Monastery information
- Order: Augustinian Canons Regular
- Established: c.1119
- Disestablished: 1538
- Dedication: St John the Baptist
- Diocese: Lincoln

People
- Founders: Richard and Maud Basset

Site
- Coordinates: 52°37′51″N 0°49′25″W﻿ / ﻿52.630971°N 0.82371°W
- Visible remains: Incorporated into the chapel of Launde Abbey Manor House.

= Launde Priory =

Augustinian priory in Leicestershire, England

Launde Priory is a former Augustinian priory in Leicestershire, England. Its successor Launde Abbey is used as a conference and retreat centre by the Church of England dioceses of Leicester and Peterborough.

==History==
Launde Priory was founded c.1119 by Richard Basset and his wife, Maude, who endowed the priory with the advowsons of the churches of Ab Kettleby, Frisby on the Wreake, Holt, Oadby, Welham and Witherley, all within Leicestershire; Ashby, Weldon and Weston by Welland in Northamptonshire; Hathersage in Derbyshire; Colston Bassett in Nottinghamshire; Wardley in Rutland; and Pattingham in Staffordshire.

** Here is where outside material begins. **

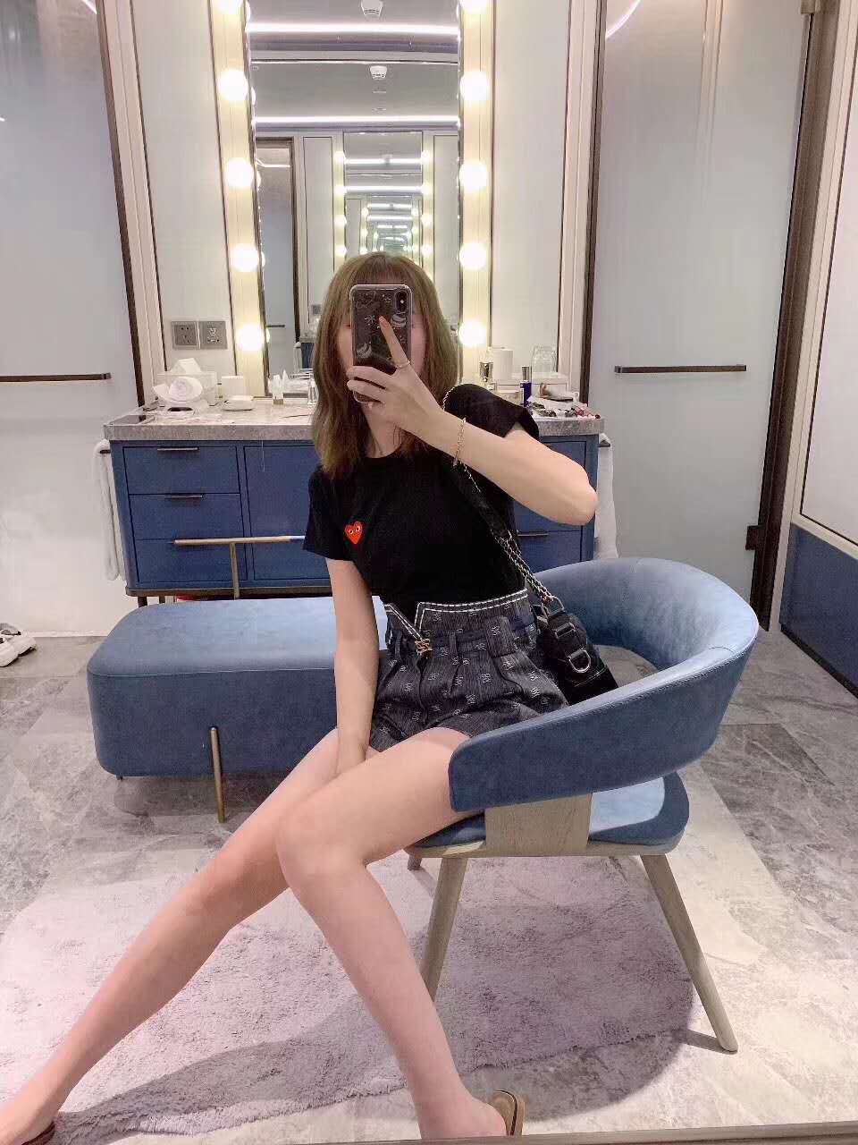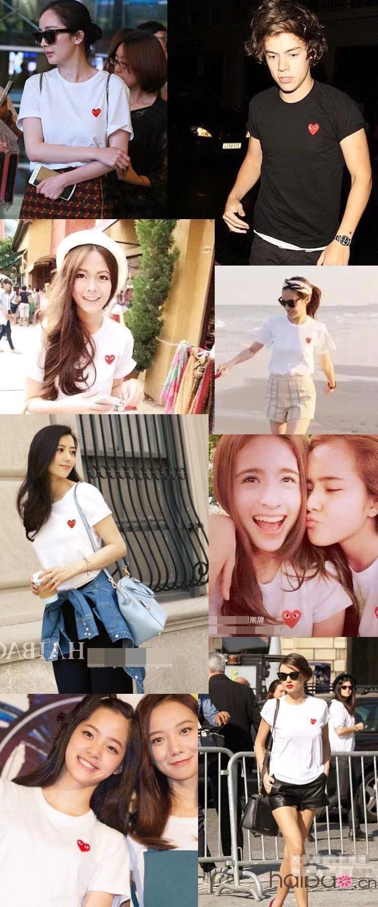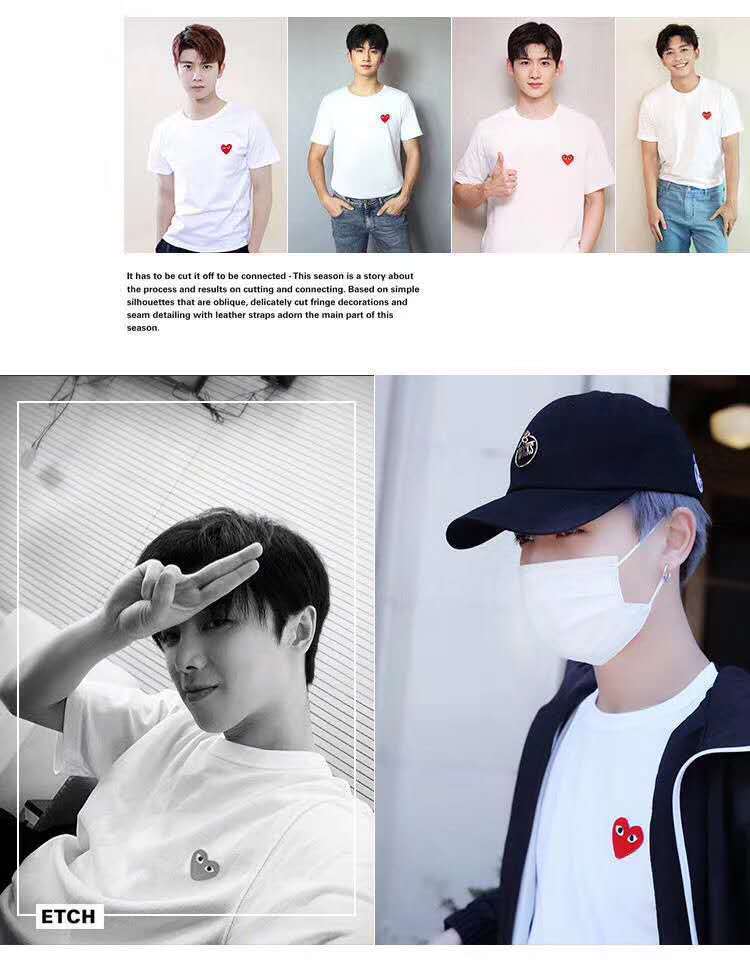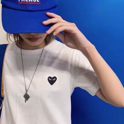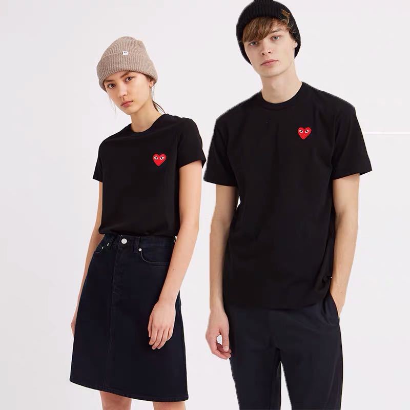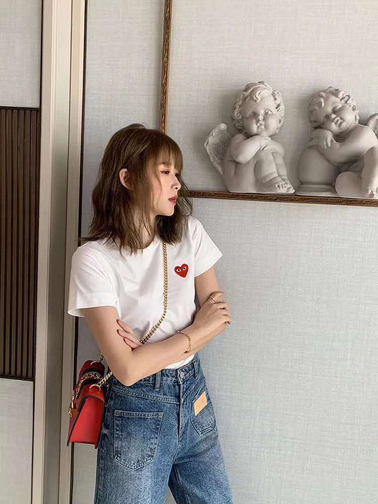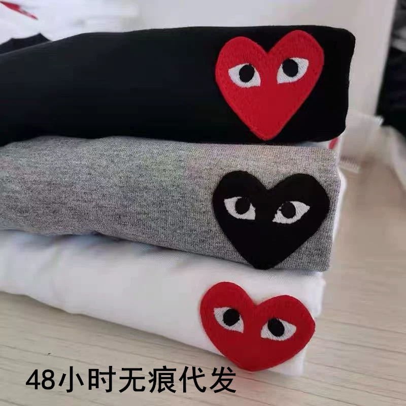 일본 유행 브랜드 자수 Chuanxiaohongxinjiu 사랑 반팔 티셔츠 Baonen Ling 여성 커플 같은 스타일 부모-자식스토어 가기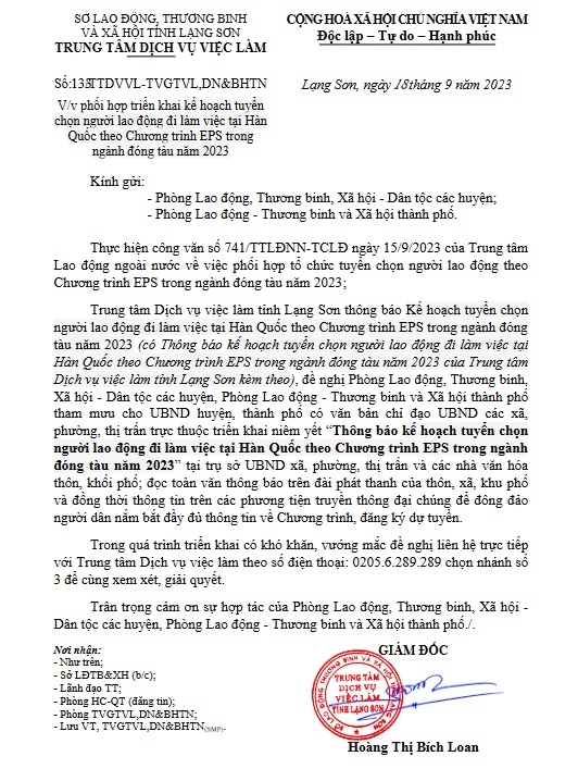 Hoạt động của Trung tâm, TIN TỨC, Xuất Khẩu Lao Động KẾ HOẠCH TUYỂN CHỌN NGƯỜI LAO ĐỘNG ĐI LÀM VIỆC TẠI HÀN QUỐC THEO CHƯƠNG TRÌNH EPS TRONG NGÀNH ĐÓNG TÀU NĂM 2023 19 Th9 09.2023. Thong bao ke hoach tuyển chọn người lao động đi làm việc tại Hàn Quốc theo chương trình EPS trong ngành đóng tàu năm 2023

They also donated the village of Loddington in Leicestershire; this donation probably also included the advowson of Loddington church.

Within 50 years, from other benefactors, Launde also gained the churches of Grimston, Rotherby and Tilton in Leicestershire; Glaston in Rutland. The priory also gained the manor of Frisby-on-the-Wreake in Leicestershire: this was seized by King Henry II although subsequently returned.

Within the next century the priory acquired yet more churches, including Ashby Folville, Shoby and Peatling Parva in Leicestershire, and Arthingworth, Blatherwick and Little Bowden in Northamptonshire.

The priory did not remain in control of all of its possessions, however, and lost many throughout its existence.

In the mid 15th-century, the priory was visited by William Alnwick, Bishop of Lincoln. The visit reveals that the priory was home to 10 canons when previously there had been 18, and that the priory's income had fallen from 1000 marks, to only 400. These problems were attributed to a series of bad priors and an era of bad management. It was a period of decline which would continue until dissolution.

In 1528 the priory was recorded home to the prior, 9 canons and 4 novices. The priory was, however, in poor condition. The refectory was in ruins and the priory church "dilapidated".

Around 1531, Thomas Frisby, a canon of Launde, was a friend of Thomas Cromwell. He wrote to Cromwell reminding him of a visit to Launde Priory when they walked together in the snow from Withcote to Launde. During their walk, Frisby fell over a place called the "Dammes". Frisby sent Cromwell a gift of cheese made nearby.

The Valor Ecclesiasticus of 1535 recorded the priory as having an annual income, after expenses, of around £400. The priory was finally dissolved in December 1539, and the prior was awarded an annual pension of £60. Thomas Cromwell had been interested in the priory's property since 1528, and he ensured the priory was granted to himself following dissolution.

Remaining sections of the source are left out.